Dynasty Warriors : Gundam 3

Robot comme tout


Robot comme tout

10


Les détracteurs du Dynasty Warriors de Koei le trouvent trop simple : « Il n'y a pas de véritable challenge », avancent-ils, après avoir paramétré le niveau de difficulté sur « facile » et abandonné au bout d'une heure. « Il suffit d'appuyer comme un malade sur les boutons pour déclencher une apocalypse d'explosions », expliquent-ils, ignorant l'habileté requise pour ce concert d'explosions.

C'est vrai que les développeurs se sont écartés des tendances à la mode, laissant s'estomper leur série hack-and-slash au profit de visions créatrices plus neuves et plus audacieuses, mais seul un critique d'une ignorance crasse pourrait prétendre que rien ne change d'un titre à l'autre.

Dynasty Warriors : Gundam 3 se présente donc comme la plus aboutie des suites de cette série. En fait, c'est un des jeux Dynasty Warriors les plus rythmés et les plus excitants de sa génération, et il surclasse à pratiquement tous les égards les titres récents de la série principale. Ne vous méprenez pas : c'est un jeu qui a des défauts, mais si on l'aborde avec le bon état d'esprit et des attentes raisonnables, il offre un souffle et une profondeur considérables.

Pour les fans de Gundam, c'est un package bien réalisé, proposant un énorme nombre de batailles tirées du voyage dans la mythologie de cette série de dessins animés de longue haleine. Bien qu'il y ait une histoire principale en fil rouge, la brièveté des niveaux ( beaucoup peuvent se terminer en seulement trois ou quatre minutes) signifie que vous vous plongerez dans des combats historiques à travers diverses époques. La structure libre de Dynasty Warriors : Gundam 3 fait tourner plusieurs campagnes en même temps, ce qui vous permet d'alterner entre celles dans lesquelles vous devez pactiser avec un autre personnage et celles se déroulant dans un passé reculé, qui révèlent les histoires d'arrière-plan des personnages principaux.

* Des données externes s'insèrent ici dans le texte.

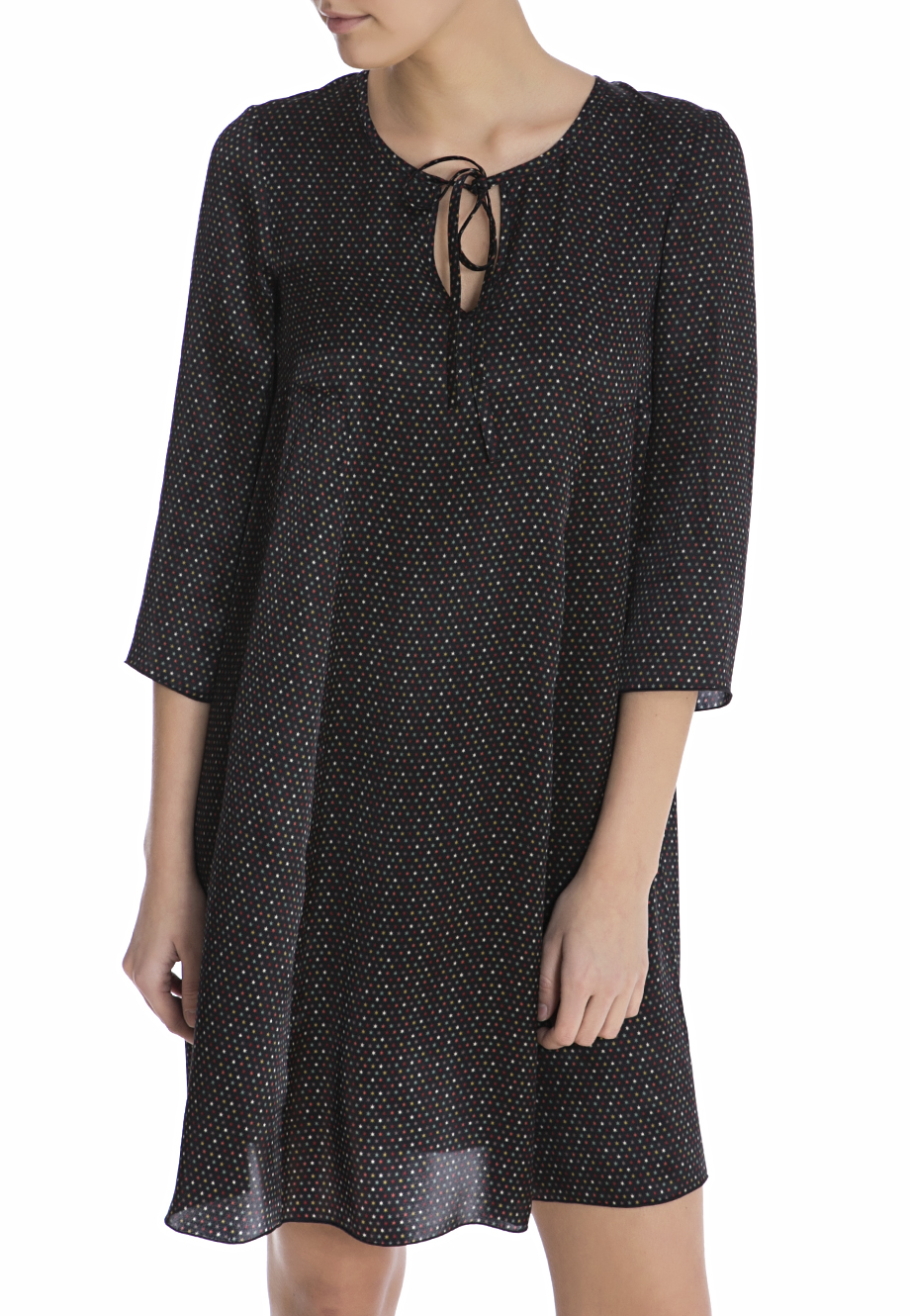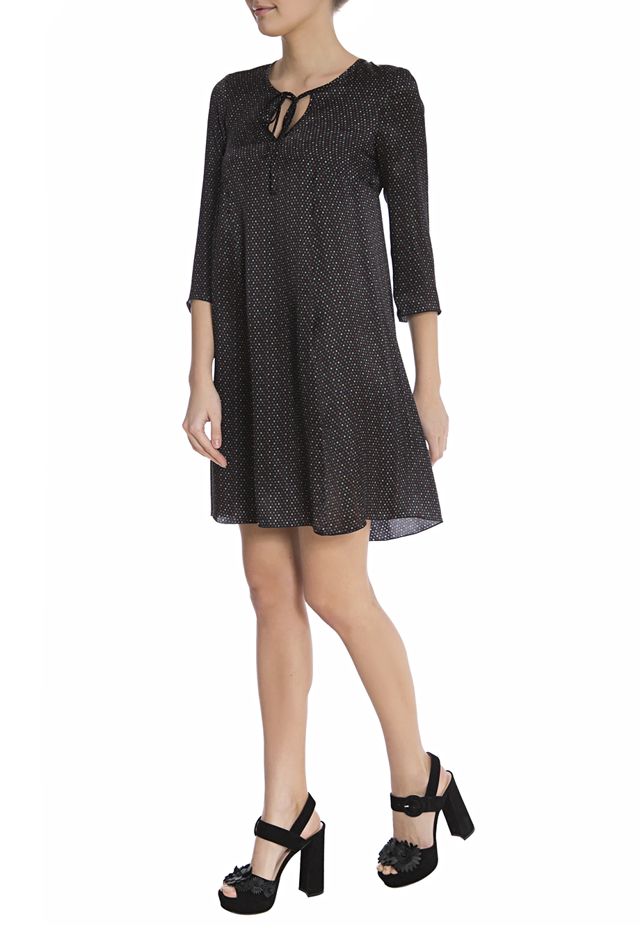 Детали: свободный крой от груди, круглый вырез горловины с завязками и каплей, втачной рукав длиной ¾, ассиметричный подол, удлинённый по спинке.

 Les armures mécanisées, qu'on dirait dessinés à la main, possèdent une consistance et une grâce que les titres Dynasty Warriors se déroulant à l'époque de la « Romance des trois royaumes » ont toujours peiné à atteindre."

Cela dit, seuls les fans les plus passionnés de Gundam pourront s'y retrouver parmi l'énorme casting de personnages (52 sont jouables et beaucoup plus interviennent au niveau des dialogues) et des liens sociaux qui les unissent. Le fait que seuls quelques-uns de ces personnages soient développés au-delà du niveau plus basique n'y aide en rien.

Au contraire, l'air se remplit en cours de jeu de cris de bataille ridicules ( on peut choisir le Japonais ou l'anglais pour les dialogues) vous exhortant à Dieu sait quoi. On ne sait jamais très bien qui l'on combat ou pourquoi et, à moins d'avoir une profonde affection pour Gundam, il est peu probable que le jeu fasse de vous un fan de cet univers si ce n'est au niveau esthétique.

Cela pourrait très bien être le cas, parce que Dynasty Warriors : Gundam 3 est un joli jeu. Les armures mécanisées qu'on dirait dessinés à la main possèdent une consistance et une grâce que les titres Dynasty Warriors se déroulant à l'époque de la « Romance des trois royaumes » ont toujours peiné à atteindre. Il y a dans le jeu un large éventail d'armures mécanisées à ramasser et à diriger, et on ne se lasse jamais de taillader dans une mer de robots avec une épée géante au rayonnement violet. Les environnements dans lesquels on combat se répètent sans doute trop souvent, mais ils sont suffisamment bourrés d'action et d'intérêt pour supporter la répétition.